Making Peace by Exposing Sin
by Roy Atwood
(This is an excerpt from his article:)
First, God not only permits public exposure
of sin, but He positively requires it in His Word. Moses made idolators
public examples (Deut.13:6-11), Isaiah publicly revealed the transgressions
and sins of God's people (Isaiah 58:1), Ezekiel exposed Israel's abominations
(Ezekiel 16:2, 23:36), and Paul sternly warned Christians to not only avoid
fellowship with the unfruitful works of darkness, but to reprove them (Eph.
5:11). God Himself will disclose every vile secret of mankind on
the final and awful day of judgment (Rom 2:16).

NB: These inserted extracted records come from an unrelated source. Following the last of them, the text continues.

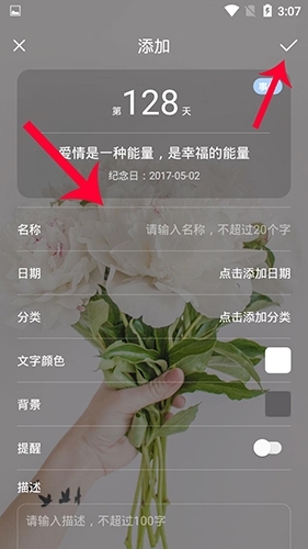 2.填写你纪念日的信息然后点击上方的√,即可完成设置。
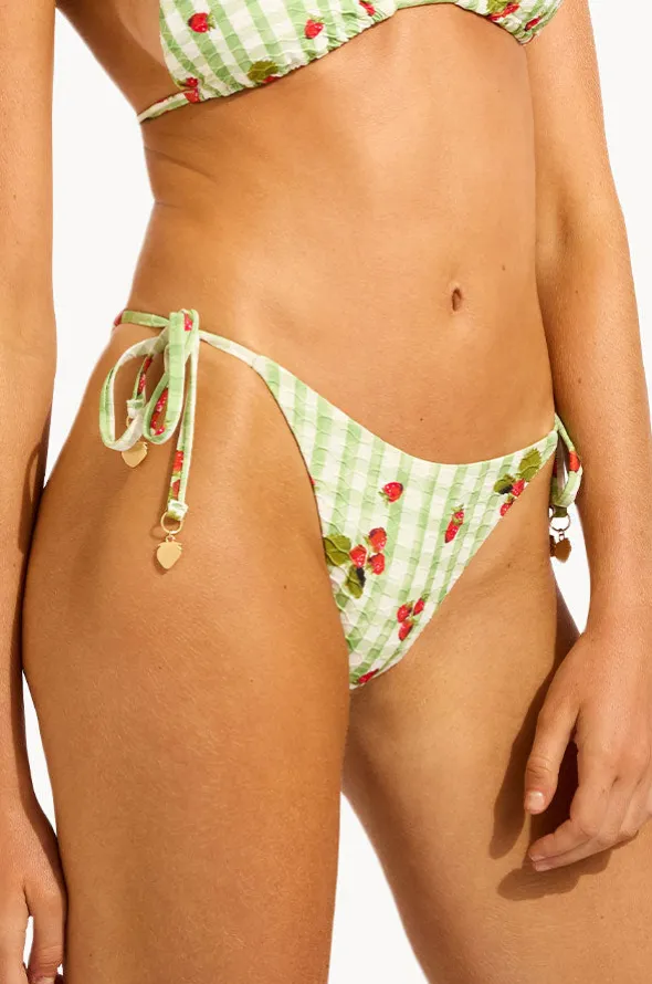 Seafolly Beach Picnic Tie Side Rio Pant in Sage features adjustable side ties, cheeky coverage, strawberry metal trims, lined, and is available in sizes 8-12.
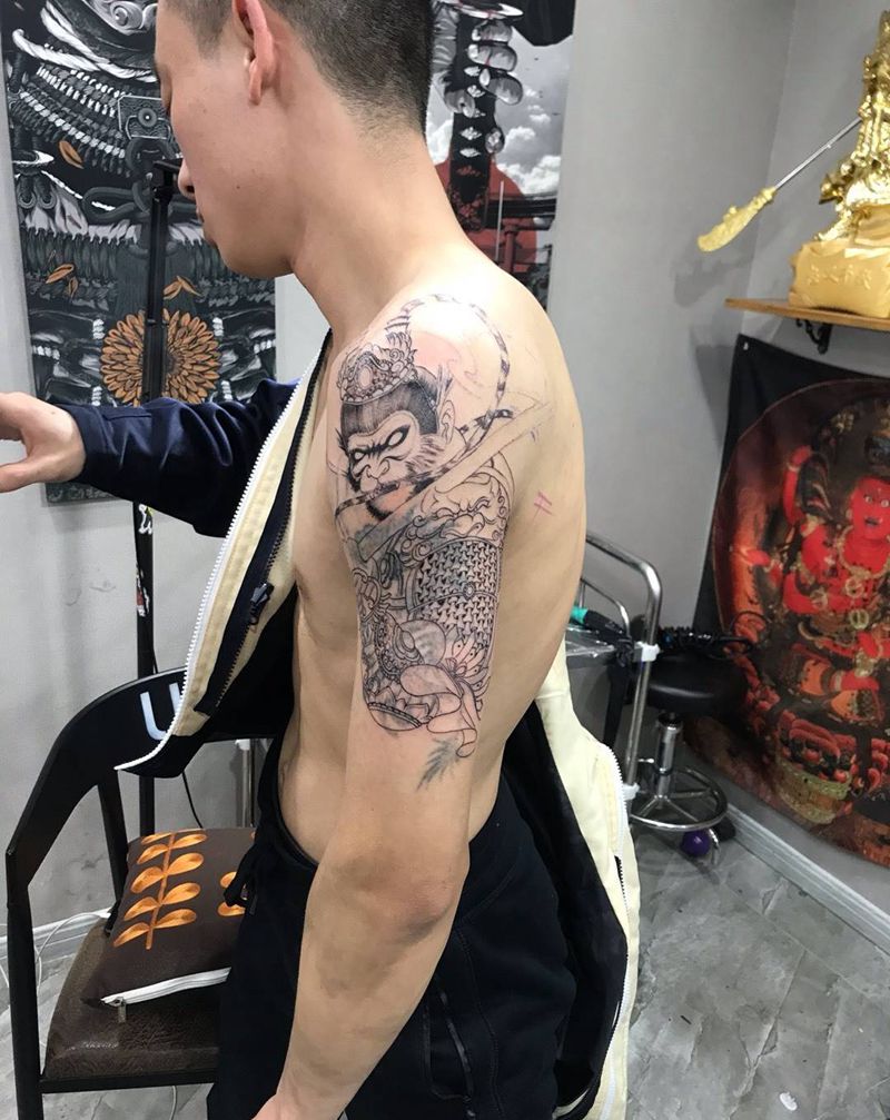 当前位置: 首页 >江苏省无锡市纹身店-源·TATTOO纹身图案>大圣遮盖作品纹身图片

In 1843 J.R. McDowell, editor of McDowell's
Journal (NY) and a minister of the gospel, wrote one of the few biblical
defenses of journalistic exposures of sin. Unlike the sensation-mongering
"penny papers" of his day, McDowell's monthly based its exposes on the
fact that the Bible taught and practiced from Genesis to Revelation the public
condemnation of sin. Biblically our duty is, McDowell concluded,
"to expose licentiousness." To shirk our duty and to permit sin to have
the field without rebuke is to mock the holiness of God. Failure
to expose sin obliterates the sharp antithesis God has placed between righteousness
and unrighteousness.
Second, the Bible also teaches that we must temper
our public revelations of sin with justice and humility. True justice
flows from obedience to the law of God, and God's Word reveals precisely
how we are to deal with our own sins and the sins of others. His
means perfectly fit His ends. He tells us, for example, when to speak
gently and privately to a brother struggling with sin and when to rebuke
the church and the nations for their (our) collective guilt. As McDowell
observed, "The code of criminal law proscribed by every civilized and Christian
government, requires the most diligent and energetic efforts to detect,
expose and punish vice. . . . It is only upon the
detection and punishment of vice, that the peace and safety of society
depend. Banish from the community the vigilance of Police by day,
and of a Watch by night . . . in short, abolish the whole
system of means and measures, or powers and functions, organized for the
detection, exposure, and punishment of vice. And then shall you see
commence the Reign of Terror and the Misrule of Anarchy." At the same time,
the Bible tells us not to expose vice in self-righteousness (for so we
condemn ourselves; see Matt. 7), but to declare the judgment of God
against sin and to preach God's grace to sinners. The daily litany
of public sin in the news should not improve our self-esteem ("Gee, I'm
not nearly as sinful as that miserable man!"), but remind us that we stand
personally and corporately guilty before a righteous God ("Lord have mercy
on us").
And third, God uses the public exposure of sin
to bring us to repentance and faith. Revelations of sin that merely
provide fodder for gossip and profit from another's misery are themselves
sins worthy of public revelation and repentance. All reporters who
hound lawbreakers for the sake of ratings and profits, and all audiences
who devour titillating scraps of scandal for their own perverted pleasure
are equally guilty of gross public sin. Without repentance and faith
as its goal, the public exposure of sin is just one more sin. In
fact, the Scriptures inextricably link the revelation of sin with the call
to repentance. For example, the apostle Peter, after he told the
crowds on the Day of Pentecost that they were guilty of crucifying Jesus,
said, "Save yourselves from this crooked age" and "repent and be baptized,
every one of you, in the name of Jesus the Messiah for the forgiveness
of your sins" (Acts 2:36-41). Knowledge of our sin is not enough.
Only the washing away of our sins by Christ's righteousness will save
us from all our sins, exposed or secret.
McDowell summed up the issue this way: "Those
therefore who oppose the detection and exposure of vice, must see that
they are acting in opposition to the best interests of society, and to
the collective wisdom and experience of legislators in every age of the
world. But this is not all: Such opposers must find themselves acting
in fearful opposition to the Precept and Practice of the Bible, and of
the Bible's God."
We must not conceal, therefore, the vile sins
of many ours, mine, or OJ's. Rather, we should repent from the failure
of our news media and our churches our failure to call sinners so exposed
to repent and to make peace with The Only One Who Forgives All Our Sins.